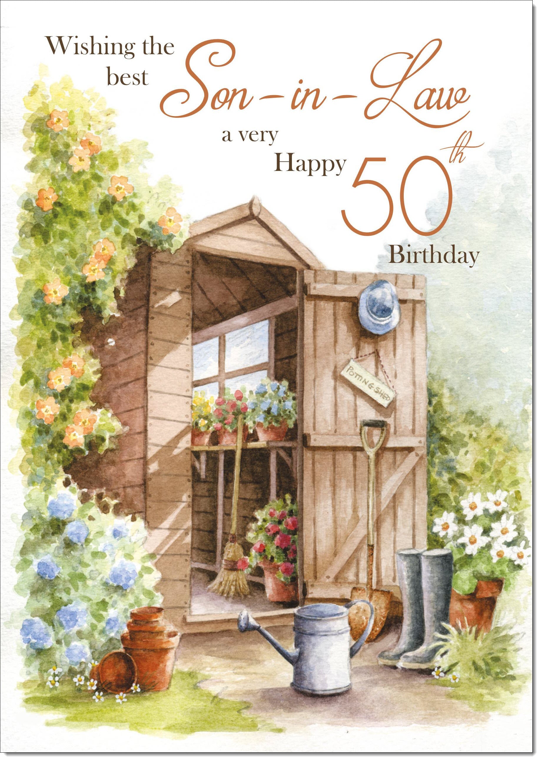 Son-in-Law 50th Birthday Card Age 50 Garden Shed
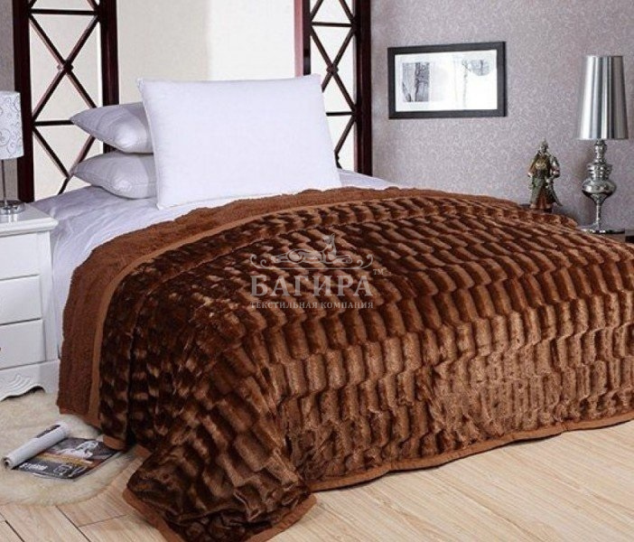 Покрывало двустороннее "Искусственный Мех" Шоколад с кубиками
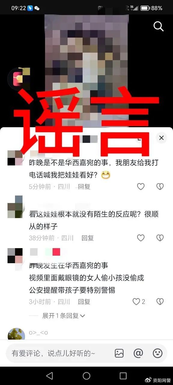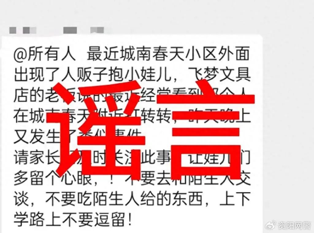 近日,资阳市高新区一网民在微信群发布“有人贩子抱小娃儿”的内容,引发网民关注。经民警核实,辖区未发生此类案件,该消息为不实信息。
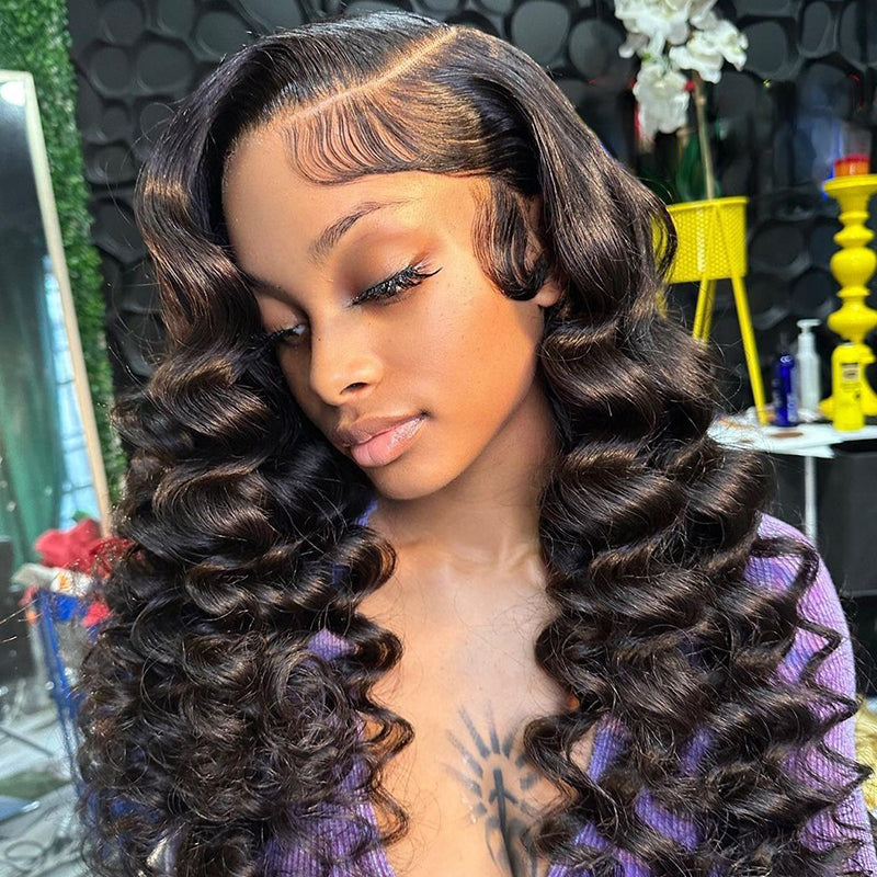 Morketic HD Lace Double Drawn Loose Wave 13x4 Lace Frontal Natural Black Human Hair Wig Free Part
---
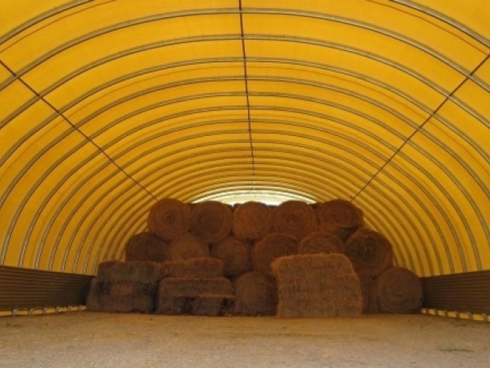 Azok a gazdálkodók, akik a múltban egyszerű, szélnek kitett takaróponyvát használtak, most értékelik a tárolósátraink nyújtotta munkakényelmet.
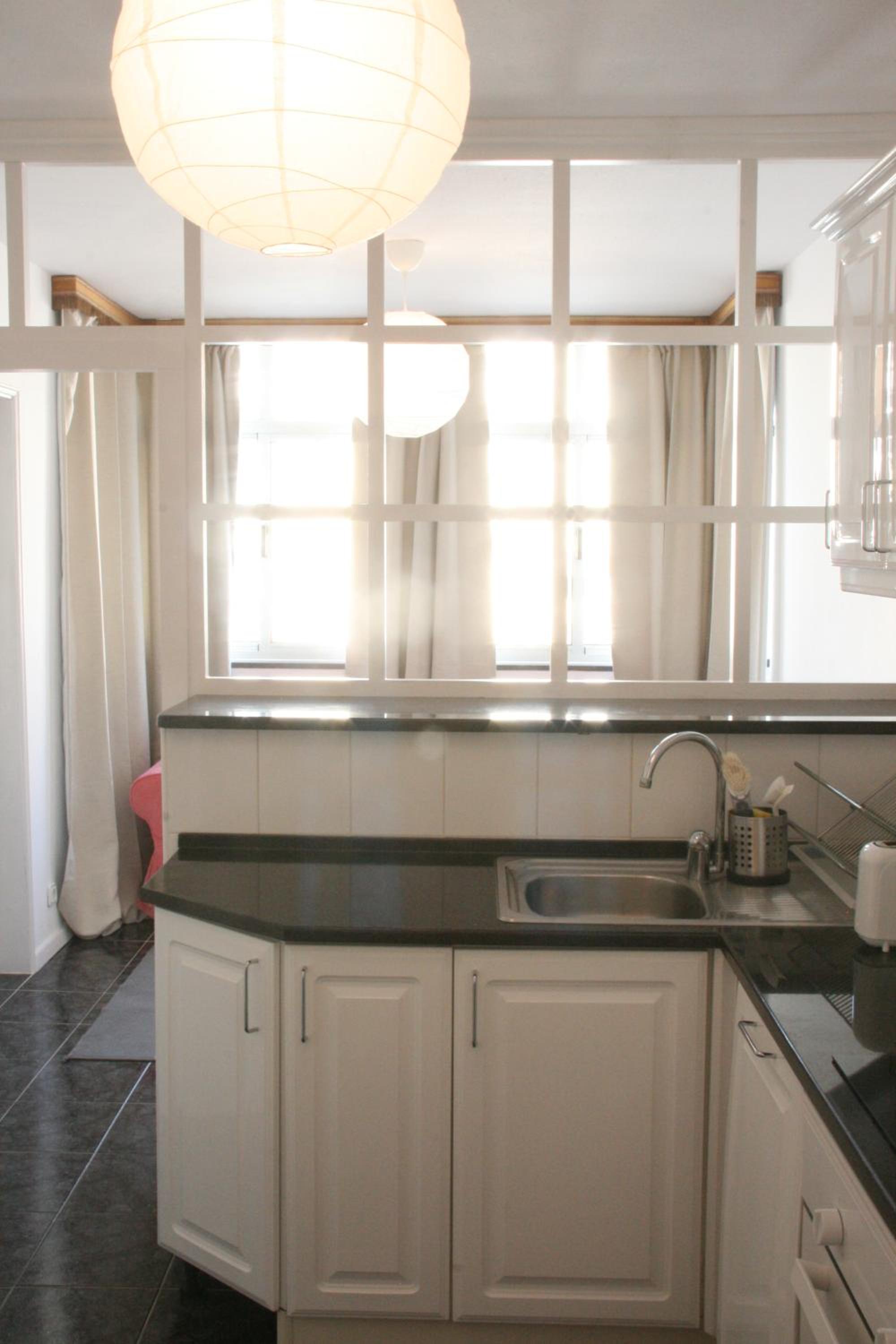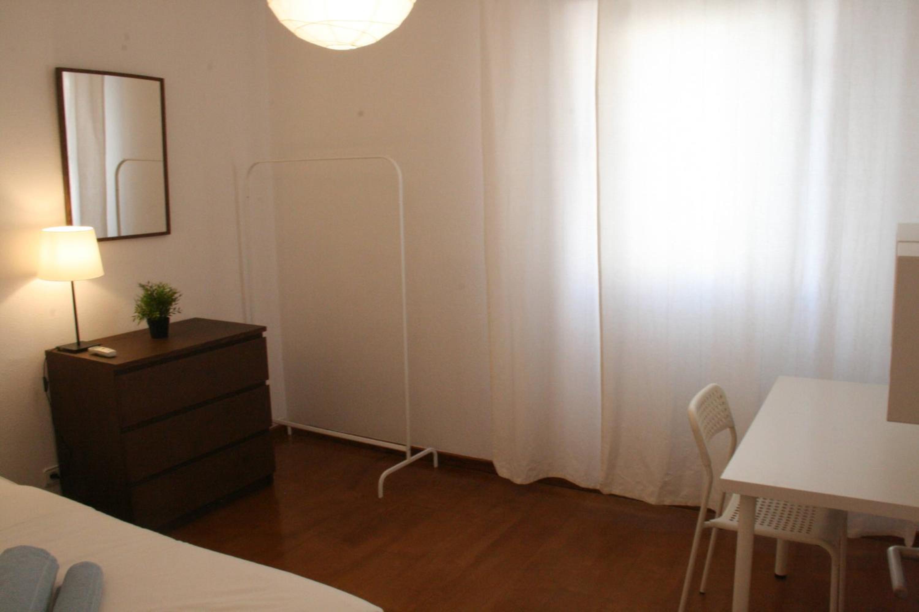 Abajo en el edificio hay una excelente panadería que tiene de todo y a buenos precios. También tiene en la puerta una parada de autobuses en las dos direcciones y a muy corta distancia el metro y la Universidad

# TASK INSTRUCTIONS
Looking above, find the stretch of lines that opens with the one holding "Azok a gazdálkodók, akik" and closes with the one holding "Abajo en el". Copy it exactly, pictures excluded.

# SOLUTION BELOW
 Azok a gazdálkodók, akik a múltban egyszerű, szélnek kitett takaróponyvát használtak, most értékelik a tárolósátraink nyújtotta munkakényelmet.
 Abajo en el edificio hay una excelente panadería que tiene de todo y a buenos precios. También tiene en la puerta una parada de autobuses en las dos direcciones y a muy corta distancia el metro y la Universidad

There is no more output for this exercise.